* [Exercise]:
Your answer must be the records below repeated word for word, with no pictures in it.

* [Recorded data]:
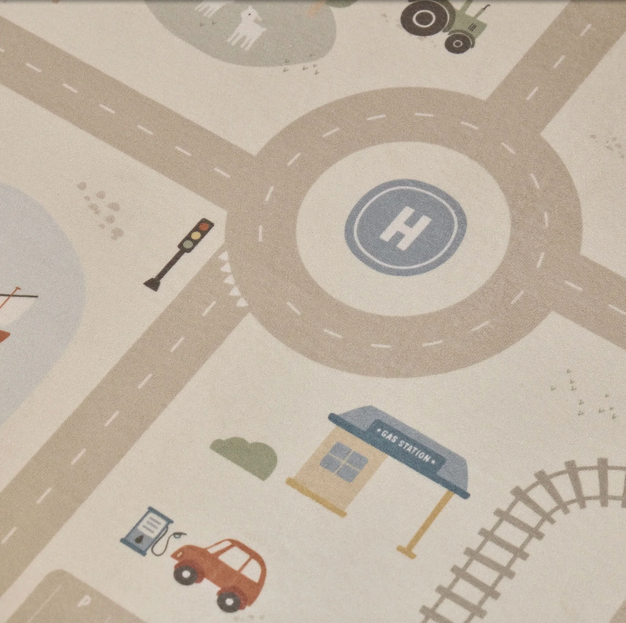 Entrez dans un monde plein d'aventures avec ce tapis de jeu doux aux tons neutres. Découvrez avec votre enfant les différentes scènes, telles que des routes, des trains et des plans d'eau. Parfait à combiner avec tous ses véhicules pour un plaisir de jeu sans fin. Fabriqué avec un matériau confortable et idéal pour des heures de découverte et de jeu.
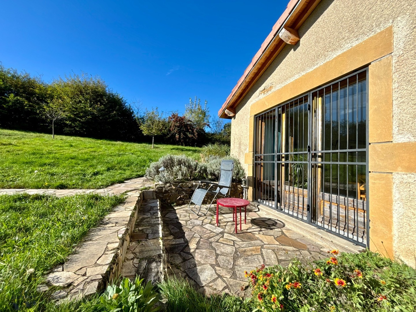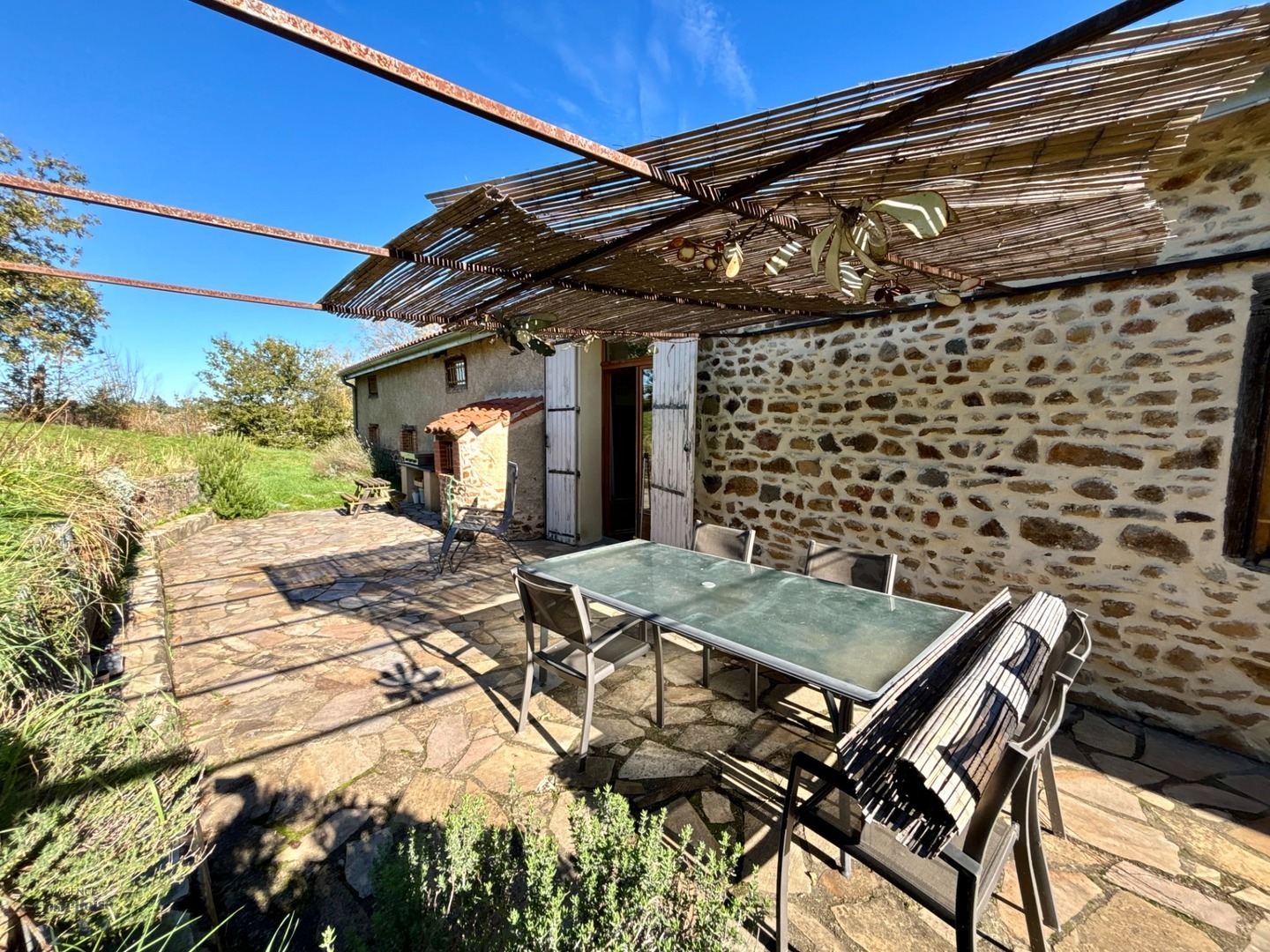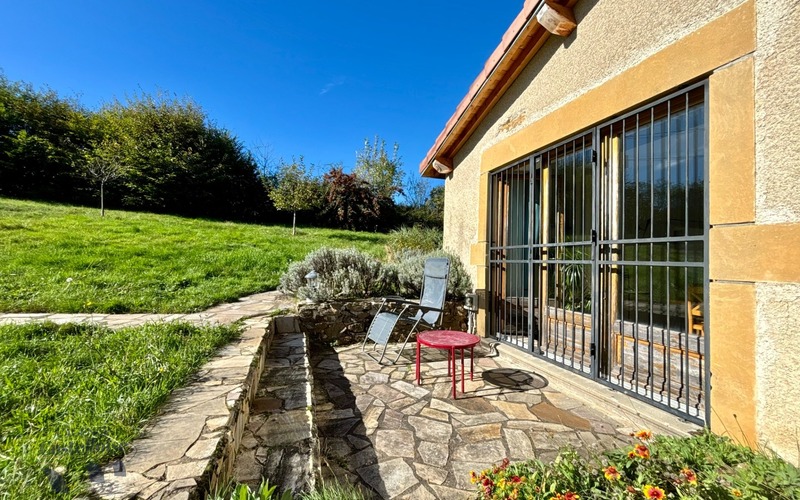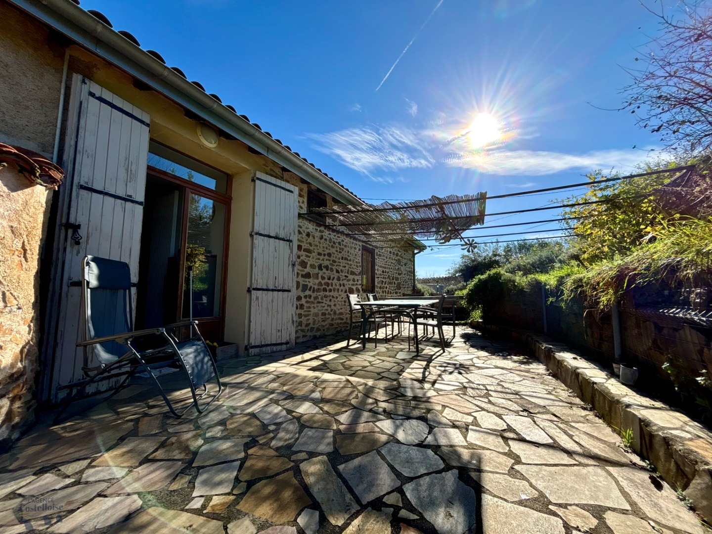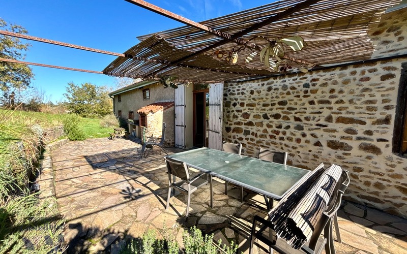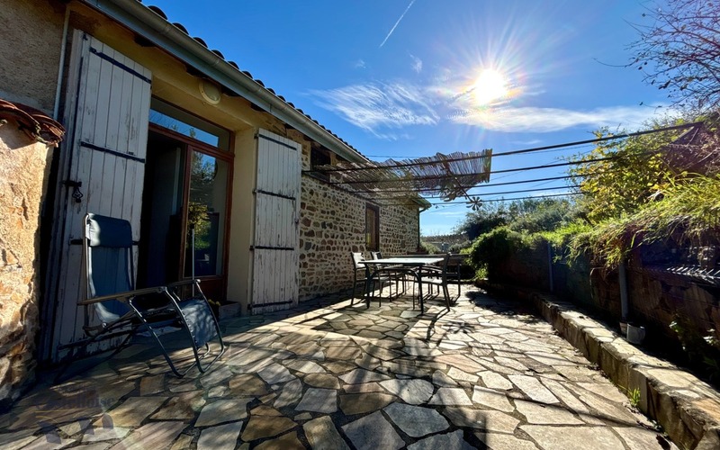 Côté extérieur, une grande terrasse dallée en pierres, orientée sud-ouest pour profiter des repas avec son accès directe dans la cuisine.
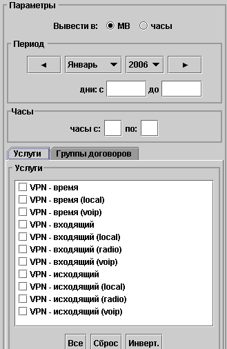 Выводит наработку договоров по выбранным услугам в часах, либо мегабайтах.
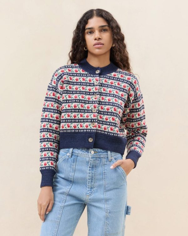 Women Knitwear | Loeffler Randall Idris Blue Jean Floral Cardigan L Sweaters & Knits L Apparel
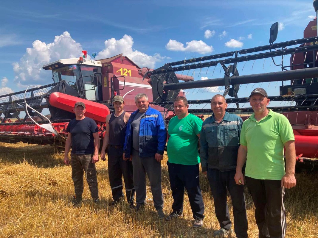 На уборке первого урожая трудятся лучшие работники ОАО «Тихиничи»: Владимир Володькин, Сергей Васильцов, Андрей Маньковский, Михаил Ляхов, Вадим Пилипенко, Александр Борисенко, Евгений Князев, Владимир Дыленок. Виктор Ксензов поблагодарил всех работников за их самоотверженный труд и пожелал им успехов в уборке урожая!
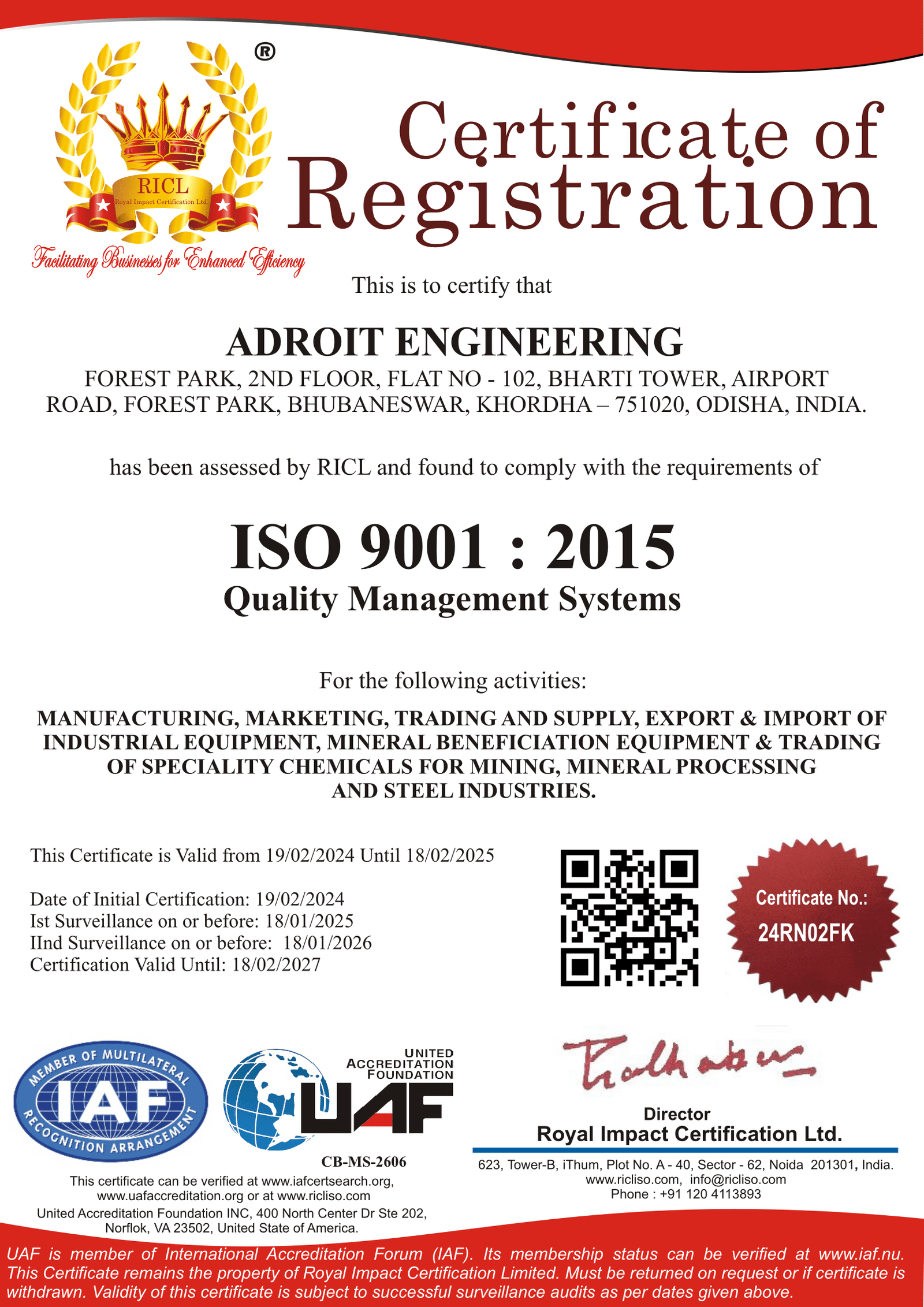 At Adroit Engineering, we are committed to maintaining the highest standards in quality and reliability. Our ISO Certification reflects our dedication to continuous improvement and customer satisfaction.

* [Task result]:
 Entrez dans un monde plein d'aventures avec ce tapis de jeu doux aux tons neutres. Découvrez avec votre enfant les différentes scènes, telles que des routes, des trains et des plans d'eau. Parfait à combiner avec tous ses véhicules pour un plaisir de jeu sans fin. Fabriqué avec un matériau confortable et idéal pour des heures de découverte et de jeu.
 Côté extérieur, une grande terrasse dallée en pierres, orientée sud-ouest pour profiter des repas avec son accès directe dans la cuisine.
 Выводит наработку договоров по выбранным услугам в часах, либо мегабайтах.
 Women Knitwear | Loeffler Randall Idris Blue Jean Floral Cardigan L Sweaters & Knits L Apparel
 На уборке первого урожая трудятся лучшие работники ОАО «Тихиничи»: Владимир Володькин, Сергей Васильцов, Андрей Маньковский, Михаил Ляхов, Вадим Пилипенко, Александр Борисенко, Евгений Князев, Владимир Дыленок. Виктор Ксензов поблагодарил всех работников за их самоотверженный труд и пожелал им успехов в уборке урожая!
 At Adroit Engineering, we are committed to maintaining the highest standards in quality and reliability. Our ISO Certification reflects our dedication to continuous improvement and customer satisfaction.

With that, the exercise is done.